Unsupervised Classification and ‘Explainable’ AI
The final, and potentially most rewarding rung on the AI ladder, when it comes to exploring novel morphological features and their related biological entities and clinical significance, is the concept of unsupervised classification in conjunction with so-called ‘explainable’ AI. In this methodology, unsupervised clustering is performed on components (such as smaller tiles) of non-annotated images, and these clusters can then be used to explore their prognostic or predictive relevance in correlation with clinical outcome data.17 Once validated, these clusters and the resulting overall classification of the entire tumor could then be used in isolation for prognostic and predictive purposes. However, perhaps most excitingly, this could also provide a vantage point for unbiased exploratory analysis through the concept of ‘explainable AI.’ This means that individual segments, tiles, or cells that hold the most relevant outcome information can be investigated for specific morphologic features that could serve to refine current classifications and to be translated to routine pathology practice, and/or these areas of the tumor could be subjected to orthogonal techniques such as mutation profiling or spatial transcriptomics for more in-depth exploratory molecular analysis.
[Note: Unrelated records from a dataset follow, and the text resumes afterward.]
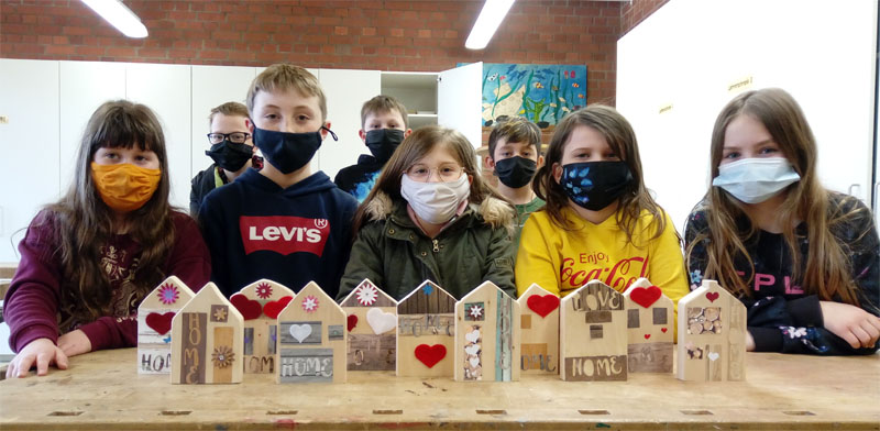 So sehr "home sweet home" das Thema der Holzhäuser war, so sehr haben sich die Schüler der 4a auch gefreut, dass der WG-Unterricht mal nicht "@home" stattgefunden hat, sondern sie wieder in der Schule werken durften. Die Schüler sind mächtig stolz auf ihre Häuser.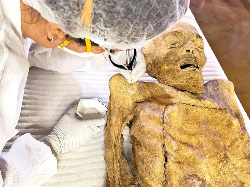 “Si hubo modificaciones en cuanto a la totalidad de sus componentes, posiblemente fue anterior a que nos acercáramos de manera profesional a la serie de restos momificados”, aclara. La especialista también es cuestionada sobre los daños en una o dos momias, en 2024, durante un reciente cambio en la museografía. Sin embargo, considera que no se puede determinar el origen de la afectación.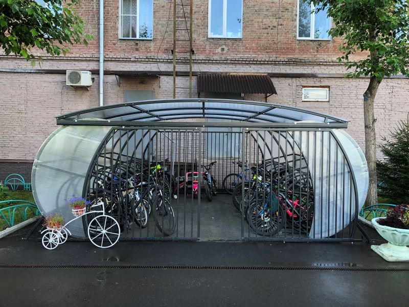 Теперь велосипеды и коляски защищены со всех сторон от ветра и дождя. Посторонним доступ к транспорту запрещен — конструкция закрыта на замок.
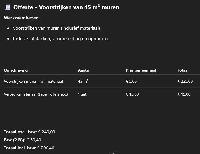We kunnen AI zo instellen dat, zodra jij invult hoeveel vierkante meter je gaat stuken, hij direct berekent hoeveel voorstrijk, rotband en andere materialen je nodig hebt.

While we are still in the early phases of the application of AI in thoracic pathology, this field holds great promise for better definition of prognosis and prediction of therapy response for our patients. It has the potential to facilitate affordable worldwide access to such techniques and will ultimately promote equity of outcomes for the global patient community. It is also likely to serve as a flywheel for rapid expansion of our knowledge of the biology of thoracic malignancies. These significant benefits have been recognized by the IASLC Pathology Committee, which has recently founded an AI working group to coordinate, lead, and support such initiatives within the association and beyond.